Но сначала Ричард должен был жениться, стать отцом двух дочерей и пережить трудный развод. Получив степень доктора служения, он открыл церковь на Восемнадцатой Южной авеню в Нэшвилле и служил там пастором. Однажды он собрал свои сбережения и отправился миссионером в Эфиопию и страны Карибского бассейна. Ричард также работал во Всемирной организации здравоохранения (ВОЗ). Он читал наизусть тысячи библейских стихов и глав, толкуя их и объясняя смысл прихожанам.
«Это были самые благостные годы моей жизни», – говорит он, качая головой; его очки слегка сдвинуты набок. Я никогда раньше не слышал историю его жизни. Я как друг навестил его после недавней операции на брюшной полости. Ричард ухмыляется, погружаясь в воспоминания, и откидывается на спинку бежевого кресла La-Z-Boy, окруженного пластиковыми цветами и подсвечниками в отделанном деревянными панелями доме его матери Леты. Лете девяносто три года, и Ричард живет с ней последние двенадцать лет, с тех пор как ушел из министерства. Здесь он спит по восемнадцать часов в сутки, иногда играет на пианино и смотрит телевизор. Он говорит, что, когда у него назначена встреча с врачом, терапия или визит друга, он может потратить весь день на подготовку. Он просыпается рано утром, все еще уставший, и ему нужно пару часов, чтобы собраться с силами и принять душ.

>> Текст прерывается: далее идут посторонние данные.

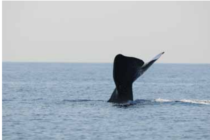
Cachalot photographié lors d'une prospection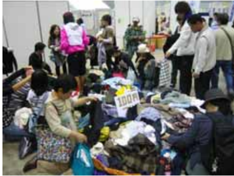
跳蚤市场 有大量宝贝可寻噢！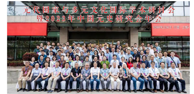
元代国家与多元文化国际学术研讨会 暨 2023 年中国元史研究会年会

级一流课程。同时，为适应跨学科教学的需要，设“科学技术史”微专业，学院还建有“数字史学实验教学中心”，并与校博物馆共建“文博考古实验教学中心”。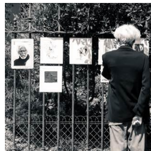
La vie est une poésie

К моменту, когда он одевается, настает время обеда. «Раньше я был таким активным», – добавляет он со вздохом. Теперь мой визит утомит его.
В 2008 году Ричард заметил, что стал играть в теннис не так хорошо, как ему хотелось: колени подводили его, – и он решил обратиться за плановой заменой коленного сустава – обычная процедура, выполняемая тысячи раз в день по всему миру. После операции его должны были выписать по плану в течение недели, потом ему необходимо было бы ходить на костылях, а уже через три месяца он вернулся бы на теннисный корт. Но после операции у него развилась серьезная инфекция легких. Ричард попал в отделение интенсивной терапии, был подключен к аппарату ИВЛ и интубирован в течение четырех недель. Когда он наконец вышел из больницы, его жизнь полностью изменилась. Ему пришлось переехать к матери, что, как считалось, будет временным решением, но он так и не вернулся в свой собственный дом. Пациент не мог жить один, потому что был не в состоянии помнить, когда ему принимать лекарства или где он парковал свою машину.
«Самым ужасным была сумятица в моей голове», – говорит Ричард. И она все еще есть.